L’arrêté du 12 avril 2024 par lequel le préfet de police a rejeté la demande de titre de M. A… s’est substitué à la décision implicite de rejet contestée. Par suite, les conclusions de M. A… tendant à l’annulation de la décision implicite de rejet de sa demande de renouvellement de titre doivent être regardées comme dirigées contre le refus explicite contenu dans cet arrêté.
Aux termes de l’article L. 412-5 du code de l’entrée et du séjour des étrangers et du droit d’asile : « La circonstance que la présence d’un étranger en France constitue une menace pour l’ordre public fait obstacle à la délivrance et au renouvellement de la carte de séjour temporaire, de la carte de séjour pluriannuelle (…) ».
Il ressort des pièces du dossier que M. A… a été condamné par le tribunal correctionnel de Lille par un jugement du 27 janvier 2021 pour des faits de violences aggravées sur sa conjointe, suivies d’une incapacité n’excédant pas 8 jours, en l’espèce de 3 jours, à une peine de 10 mois d’emprisonnement avec sursis. Dans ces conditions le préfet de police pouvait, sans commettre d’erreur d’appréciation, regarder en 2024 sa présence en France comme représentant une menace à l’ordre public au sens de l’article L. 412-5 du code de l’entrée et du séjour des étrangers et du droit d’asile et par suite considérer qu’il n’avait pas de droit au séjour en qualité de parent d’enfant français.
Il résulte de tout ce qui précède que les conclusions de M. A… tendant à l’annulation de l’arrêté du préfet de police en date du 12 avril 2024 doivent être rejetées ainsi que, par voie de conséquence, ses conclusions aux fins d’injonction.
D E C I D E :
Article 1er : La requête de M. A… est rejetée.
Article 2 : Le présent jugement sera notifié à M. A…, et au préfet de police.

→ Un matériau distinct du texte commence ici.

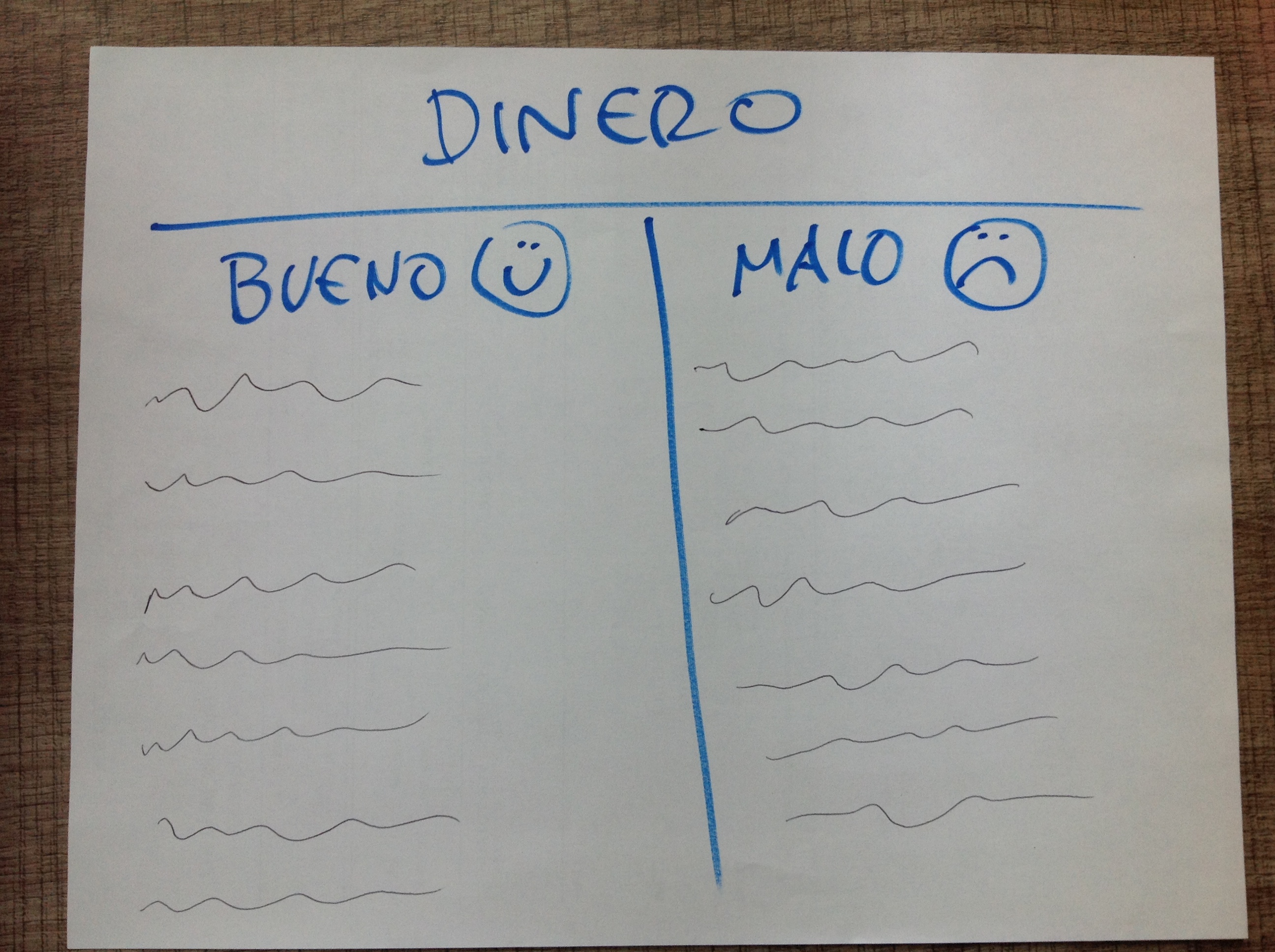 1. Primero, revisa qué piensas sobre el dinero, qué juicios tienes sobre esta idea. Toma una hoja, traza una línea divisoria en el medio y en una columna escribe lo que te parece “bueno” del dinero y en la otra lo que te parece “malo”; ya te he dado algunas pistas sobre esto. No te ocultes nada, finalmente esto es para que te des cuenta.
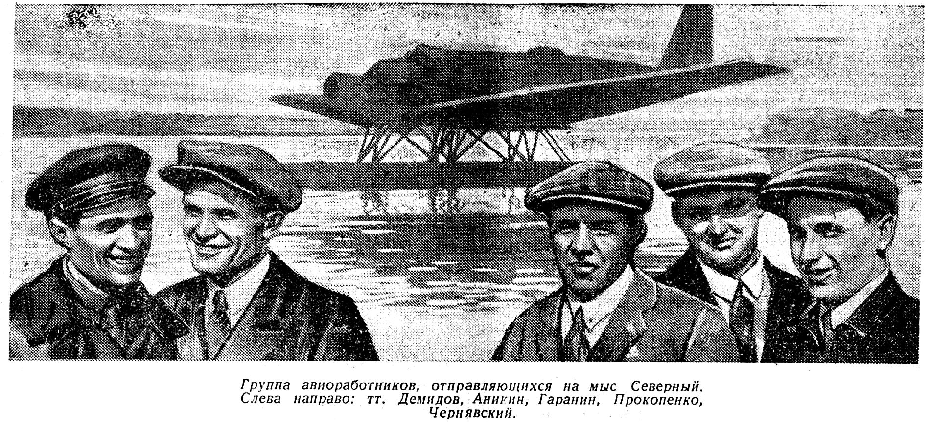 Группа авиоработников, отправляющихся на мыс Северный. Слева направо: тт. Демидов, Аникин, Гаранин, Прокопенко, Чернявский.
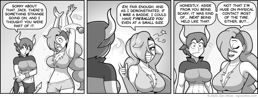 I mean, realistically, the bottle would probably be dropped prior to reaching normal size, and I'm not sure how she actually held it above herself to begin with a t 1:12 size, buuuuuuuuut I wanted to draw a bottle falling on Jay's head.
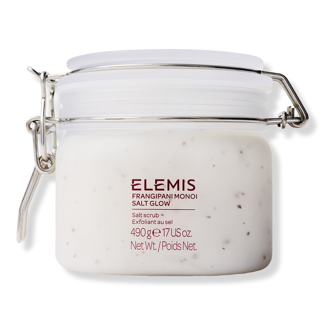 ELEMIS Frangipani Monoi Salt Glow Body Scrub gently exfoliates and softens the skin while sealing in moisture for silky, radiant, and beautifully scented skin.
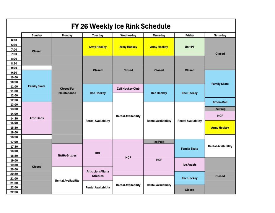In addition to scheduled hockey games and events, open skate times are available throughout the week. Lessons are also available by registering through the PFC.
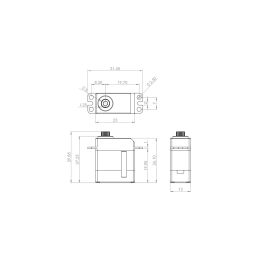 Digitální micro servo s stejnosměrným motorem a kombinace plastových a kovových převodů, 1x kuličkové ložisko, 3,1/3.9kg při 4,8/6,0V a 0,16/0,13s na 4,8/6,0V, váha 15,8g, 22,8x12,0x29,4mm. Provozní…
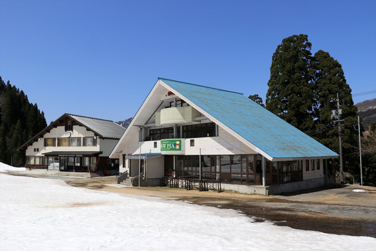 スキー場の入口付近の様子。戦前から存在するスノーリゾートという事で、一帯はリゾート地にしては若干古色蒼然とした感じを受けます。右奥の白い山が先程登った氷ノ山で、山頂に建つ避難小屋も確認できる。
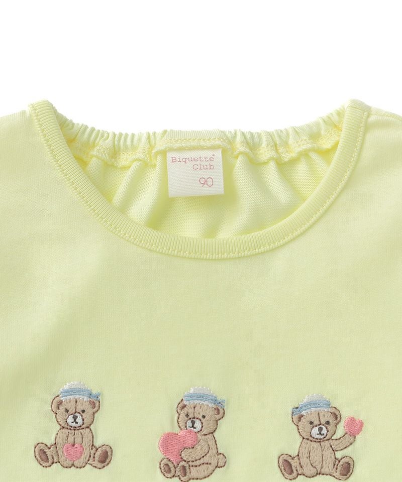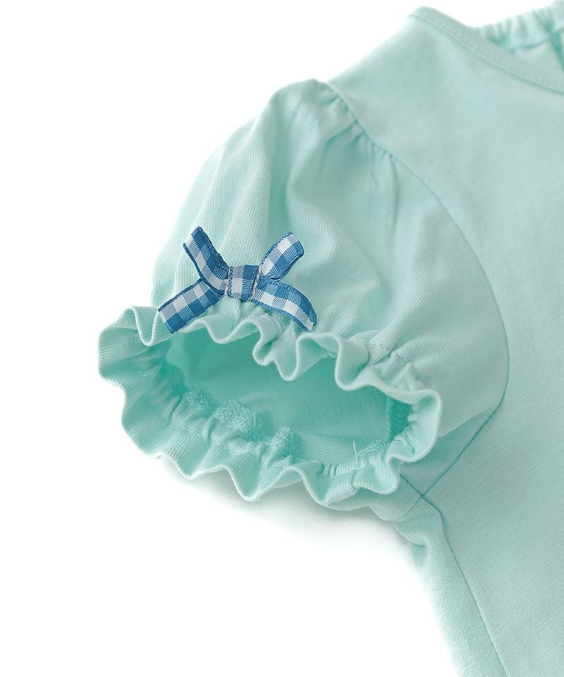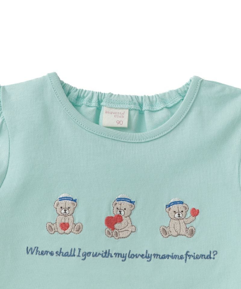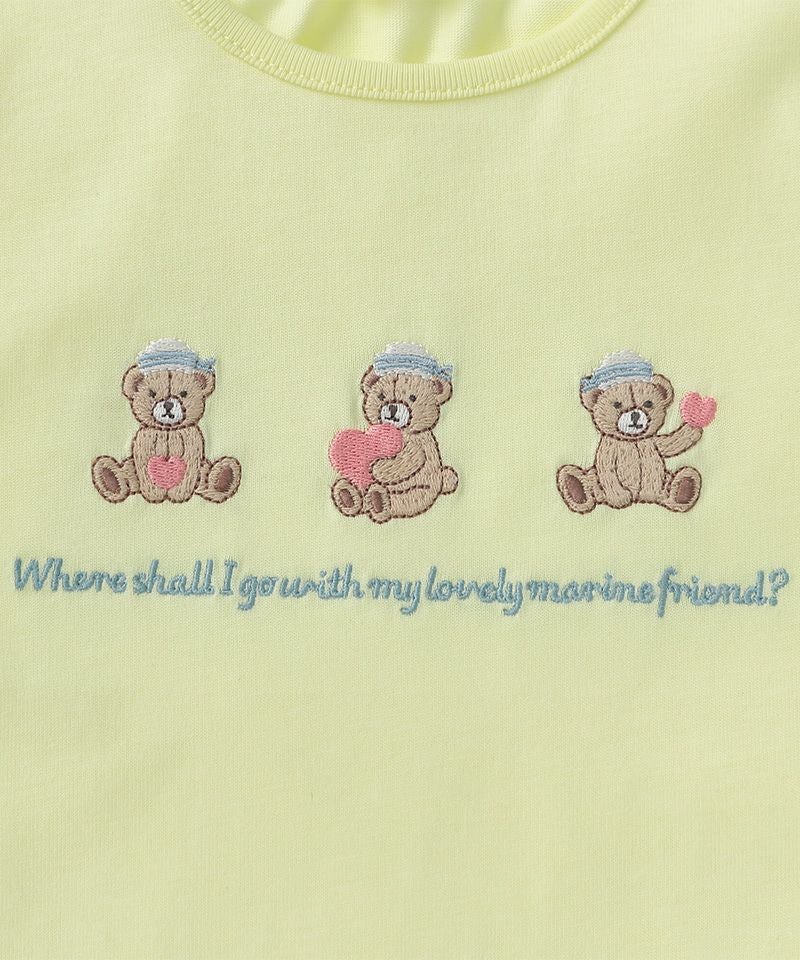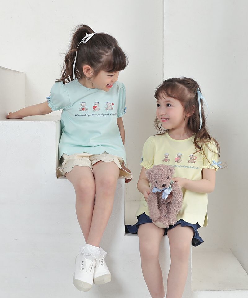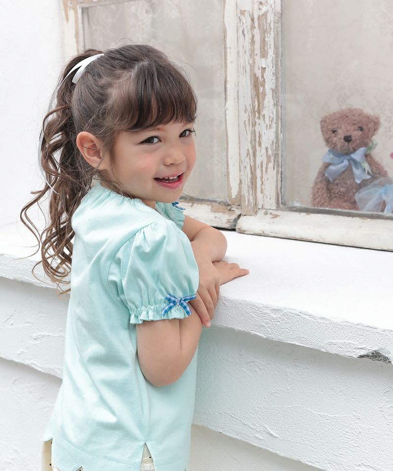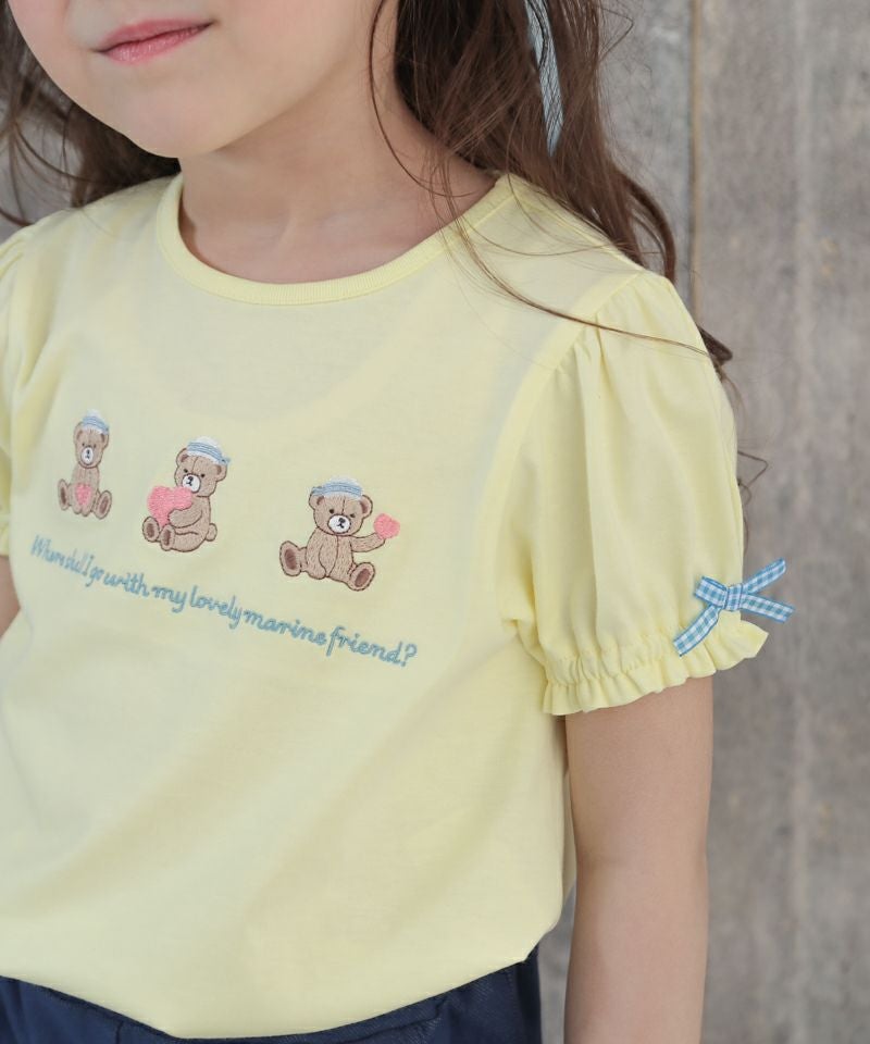 ハートとマリンくまちゃんの組み合わせがかわいいTシャツは、スカラップの裾やお袖にあしらったギンガムチェックのリボンなど、どんな角度から見ても可愛いデザイン♪可愛いあしらいと爽やかなカラーのミックス感も素敵です☆

Délibéré après l’audience du 7 octobre 2025, à laquelle siégeaient :
M. Simonnot, président,
M. Desprez, premier conseiller,
Mme Van Daële, première conseillère.
Rendu public par mise à disposition au greffe le 21 octobre 2025.
Le rapporteur,
signé
JB. DESPREZ
Le président,
signé
JF. SIMONNOT
Le greffier,
signé
M-C. POCHOT
La République mande et ordonne au préfet de police en ce qui le concerne, ou à tous commissaires de justice à ce requis, en ce qui concerne les voies de droit commun contre les parties privées, de pourvoir à l’exécution de la présente ordonnance.